The CAP rewards failure, and pays idleness. Which is, of course, why it’s going to be impossible to get it reformed as long as the EU continues in its current set-up. Who, after all, is going to vote to have to do more work for less pay? That’s precisely what we’re asking of (to pick the most obvious example) France whenever we try and push for much-needed CAP reform.
Until Qualified Majority Voting comes into force, as mooted in the piss-poor draft constitutional treaty that was roundly rejected by the French and Dutch voters back in the summer, there will be no way to override the objections of those member states who do well out of the CAP. All of this is just a rather pathetic sideshow, with fancy-sounding calls for intense reform which can not, in the current set-up, ever be delivered upon. It’s much like the perennial cry of the populist right-wing of the Conservative party that “we’ll take back powers devolved to Brussels” – no you won’t, sonny; not without the agreement of all 24 other member states, that is.
And therein lies the problem. By maintaining the individual member state veto, the maintenance of the status quo is always the most likely outcome of any dispute – especially over the CAP. France is not likely to surrender – especially not after so many recent crises for Chirac’s government, from the “Non” vote in the constitutional referendum to mob violence in the towns and suburbs. To back down over farming subsidies is a political impossibility for Chirac and co.

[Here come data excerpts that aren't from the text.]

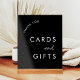 Señal Acrílica Tarjetas de matrimonio negro y mesa de regalo
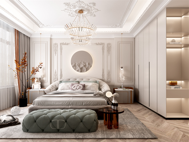 米白、浅灰搭配,法式雕花吊顶、水晶吊灯尽显浪漫。柔软床具、精致床头柜,适配睡前阅读、休憩,充足收纳满足衣物存放,整体设计温馨舒适,为居住者打造静谧且有格调的私域空间。
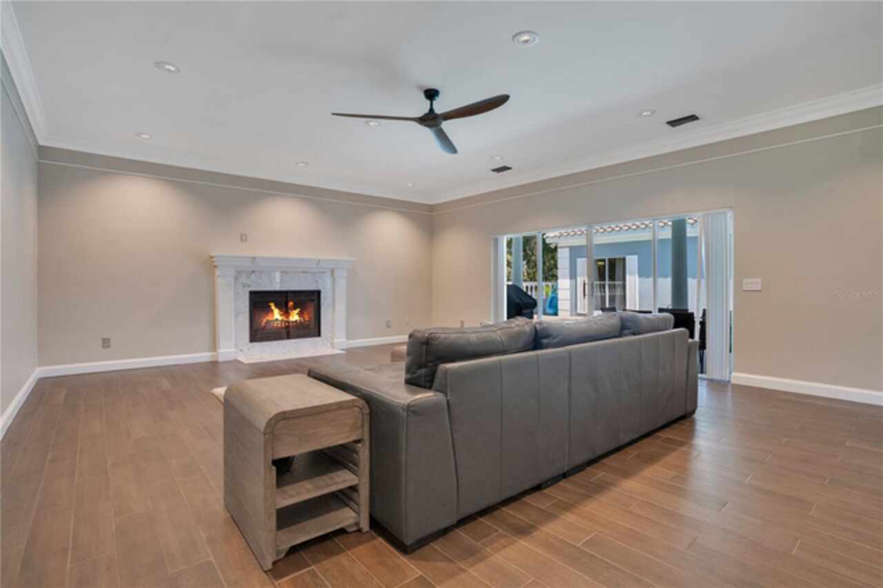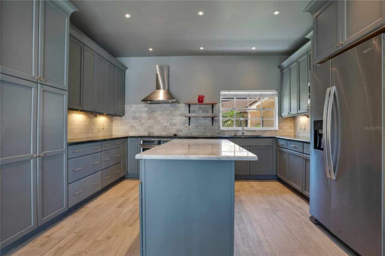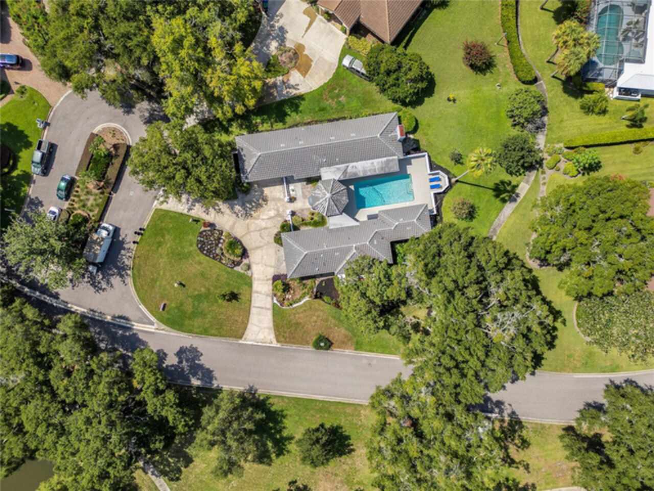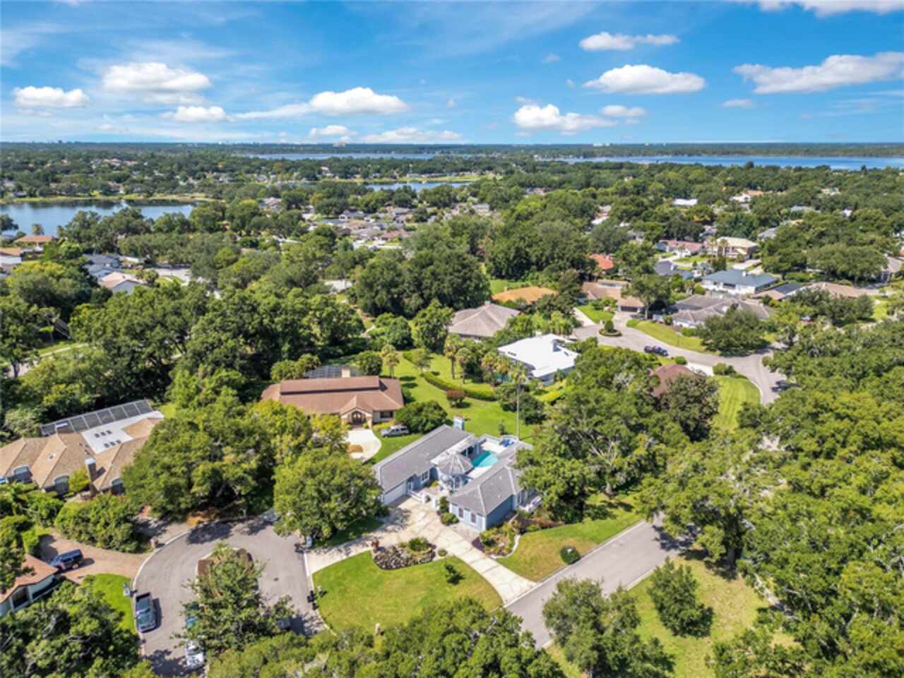 FANTASTIC NEW PRICE! Welcome to this beautifully updated single-story pool home, tucked away on a private cul-de-sac in the desirable South Bay community—just a golf cart ride to the famed Bay Hill Golf Club. Set on nearly half an acre with peaceful water views right out the front door, this 3-bedroom, 2.5-bath residence offers over 3, 190 sq. ft. of open, elegant living space. A circular driveway adds to the home’s curb appeal, complementing its unique design and inviting presence. Step inside to a grand foyer with a statement chandelier and porcelain "marble look" tile flooring, setting the tone for the home’s refined style. The unique split floor plan provides versatile living options, including large bedrooms connected by Jack-and-Jill bathrooms for convenience and privacy. The freshly painted family room offers a bright and welcoming gathering space, while upgraded finishes add a touch of luxury throughout. The kitchen features rich upgraded cabinetry, stainless steel appliances, and gorgeous quartz and soap stone countertops. It flows seamlessly into a spacious formal dining and living area anchored by a wood-burning fireplace—perfect for entertaining. The primary suite boasts bamboo floors, a walk-in closet, and a spa-inspired bath with travertine, a clawfoot tub, and premium finishes. Wood-look tile extends through the kitchen and main living areas, complementing the home’s light-filled, oversized rooms designed for both comfort and function. Step into your private backyard retreat with a large swimming pool, freshly painted sundeck, storage shed, and an expansive yard offering both space and seclusion. South Bay residents enjoy exclusive amenities including tennis courts, walking trails, a community playground, and a private dock on the Butler Chain of Lakes, plus year-round neighborhood events. Zoned for A-rated Dr. Phillips schools and just minutes from Restaurant Row, world-class golf, multiple theme parks, and major highways, this home delivers the perfect blend of luxury, lifestyle, and convenience.

For France to vote for a reduction of CAP subsidies would be like the proverbial Turkey registering his support for Christmas. The French would need to be offered something substantial in return – and most importantly, something substantial that they could also use to placate their doubtless irate populace. And the big trouble is, no matter how hard I think I just can’t work out what the hell that might be.
And thus, once again, we get back to the ducking of the issue which is all that really can be done with the CAP if you’re even slightly in favour of the EU. It’s not only indefensible, but also insoluble.
But the rest of the EU’s great. Honest.